More details on Barking fire reported

More details on Barking fire reported

ACCORDING TO reports, developer Bellway had carried out ‘remedial fire safety work’ a few weeks before the fire, and also dropped its stay put policy.

Last week, it was reported that residents in the same estate as the fire, which destroyed  20 flats, had claimed that prior concerns over fire safety ‘have been ignored’. The fire at the Barking Riverside Estate saw one six storey block catch fire, with 20 homes destroyed and 10 others damaged, and two people treated for smoke inhalation; 100 firefighters and 15 appliances attended.

An investigation of other blocks on the development after the fire by LBC found ‘faulty fire doors, broken smoke alarms and combustible cladding’, with Bellway having been ‘in talks’ with the government on building regulations and fire protection laws, adding that fire protection measures inside the building ‘received all regulatory approvals’ and ‘ensured occupants were safely evacuated’.

Claims from residents included that concerns about fire safety ‘were downplayed’ by Bellway ‘only last month’, with Peter Mason, chair of the Barking Reach residents’ association, stating that in early May he contacted Bellway to ‘ask for the fire risk to be investigated’ after BBC Watchdog’s investigation into other Bellway Homes properties.

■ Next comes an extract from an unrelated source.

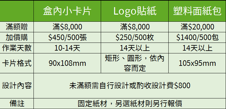 客製化項目內容 (提升質感的小步驟!!) 客製化卡片範例 2張名片大小 正反面(直式或橫式) 客製化貼紙範例 客製化大面積面紙範例 客製化表單填寫處 ※建議提前至少7工作天討論,若緊急請直接來電討論。 載入中…

The news outlet was shown an email from Bellway’s fire safety helpline that told Mr Mason ‘not to worry’, with a section headlined “Your Home” stating that the construction method used on the development featured on BBC Watchdog ‘was different and so the Barking homes were not affected in the same way’. It concluded: ‘We understand that these news articles are highly alarming for all residents of new homes and I hope that the above statement has allayed any fears you may have over the safety and construction of your Bellway home.’

Mr Mason claimed that the fire ‘may have been caused by a barbecue being lit on one of the balconies’, while neighbouring resident Venilia Batista Amorim claimed in turn that ‘some said the fire alarm was not working, the sprinklers were not working, residents knocked on neighbours doors to tell them to leave. It does not come as a surprise, so many residents are concerned’.

Finally, Mr Mason stated that the block’s managing agents had hired a fire warden to carry out patrols due to ‘unspecified concerns about fire safety’. Inside Housing noted that Housing Secretary James Brokenshire confirmed to parliament that the Building Research Establishment and LFB had been asked to investigate the fire, while he had also asked for ‘urgent advice from the government’s independent expert panel.

Inside Housing has now reported that Bellway had carried out remedial fire safety work ‘just weeks before’ the fire, with this work having begun in October and seeing final surveys carried out at the start of June. The news outlet added that it understood ‘much of the remedial work was to fix fire compartmentation issues within the blocks’, leading to building manager RMG alerting residents that the evacuation policy ‘would temporarily change’ from stay put to full evacuation.

That was still in force on the day of the fire, while a night waking watch was also on duty as a result, with RMG and its ground rent company HomeGround confirming that Bellway had undertaken the work at Samuel Garside House as well as Ernest Websdale, John Miller House and Leslie Hitchcock House.

The company added that the work ‘had been completed but had yet to go through the full approval process’, with RMG writing to residents when it took over last October to note that it had consulted with fire safety experts. These experts had identified communal areas where ‘further fire protection measures needed to be installed’, while the change in evacuation policy necessitated the installation of the waking watch between 7pm and 7am.

This was to have remained, RMG said, until the Bellway work ‘had been fully completed, certified and audited by an independent consultant’, while Inside Housing also discovered that the cladding on the block was ThermoWood wood based material, which has a Class D fire rating, though only buildings of 18m or above are required – under government guidance – to have Class B or higher.

Bellway stated that it was ‘highly likely’ it would replace the cladding and the balconies on the block ‘in order to allay any concerns residents may have’, adding: ‘The fire at Samuel Garside House in Barking, a low rise block of apartments, is a very serious issue and we are working with all parties to establish how this happened.

‘Whilst we are continuing our investigations into this matter, we are supporting London Borough of Barking and Dagenham in securing alternative temporary accommodation for affected residents and are offering our support to help remediate the damaged apartments. Bellway continues to take the issue of fire safety extremely seriously and will work with all involved to ensure that affected residents are properly supported during this difficult time.’